# probability of a 3 outcomes event

I struggle with this simple probability exercise. In a lake, there are 3 types of fishes A, B and C. The probability of catching one fish of type A is $p_A=0.6$, the probability of catching a fish of type B is $p_B=0.3$ and the probability of catching a fish of type C is $p_C=0.1$. We catch 7 fishes, what is the probability of the having 2 fishes of type A, 3 fishes of type B and 2 fishes of type C.

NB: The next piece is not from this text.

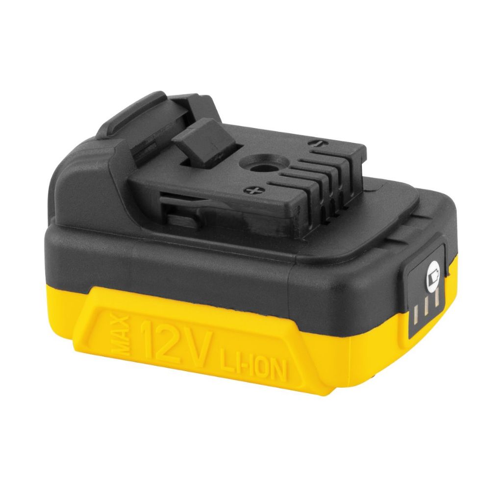 Indicada para reposição na Parafusadeira/furadeira a bateria, 12 V, fonte bivolt automática, PFV 120, VONDER (60.01.100.120). Bateria de íons de lítio, garantindo alta eficiência de operação. Possui LED's indicadores de nível de carga. Conteúdo da Embalagem: 1 Bateria. Detalhes técnicos: Tipo de bateria: Íons de lítio Tensão (V): 12 V Capacidade da bateria (A): 1,3 Ah Indicador de bateria fraca: Sim Massa aproximada (peso): 0,25 kg

• To get started: what's the probability of catching the exact sequence $AABBBCC$? How many such patterns are there? – lulu Jun 3 '18 at 14:52
• First, thank you for your answer. It is indeed the last question on my exercice sheet. If there were only two types of fishes, it would be a simple binomial law but here I wasn't sure on how to start. I saw your previous post and I think that the probability of the sequence $AABBBCC$ should be $0.6^20.3^30.1^2$. And Now I would guess that the number of such sequences is $\binom{7}{2} \binom{5}{3}$. Is that true ? – Alain Jun 3 '18 at 15:17
• I would guess that it is simply $\binom{7}{2} \binom{5}{3} 0.6^20.3^30.1^2$ – Alain Jun 3 '18 at 15:19
The probability of the sequence $AABBBCC$ is simply $0.6^20.3^30.1^2$. Now the number of such sequences is $\binom{7}{2} \binom{5}{3}$. Hence the desired probability is given by $\binom{7}{2} \binom{5}{3}0.6^20.3^30.1^2$.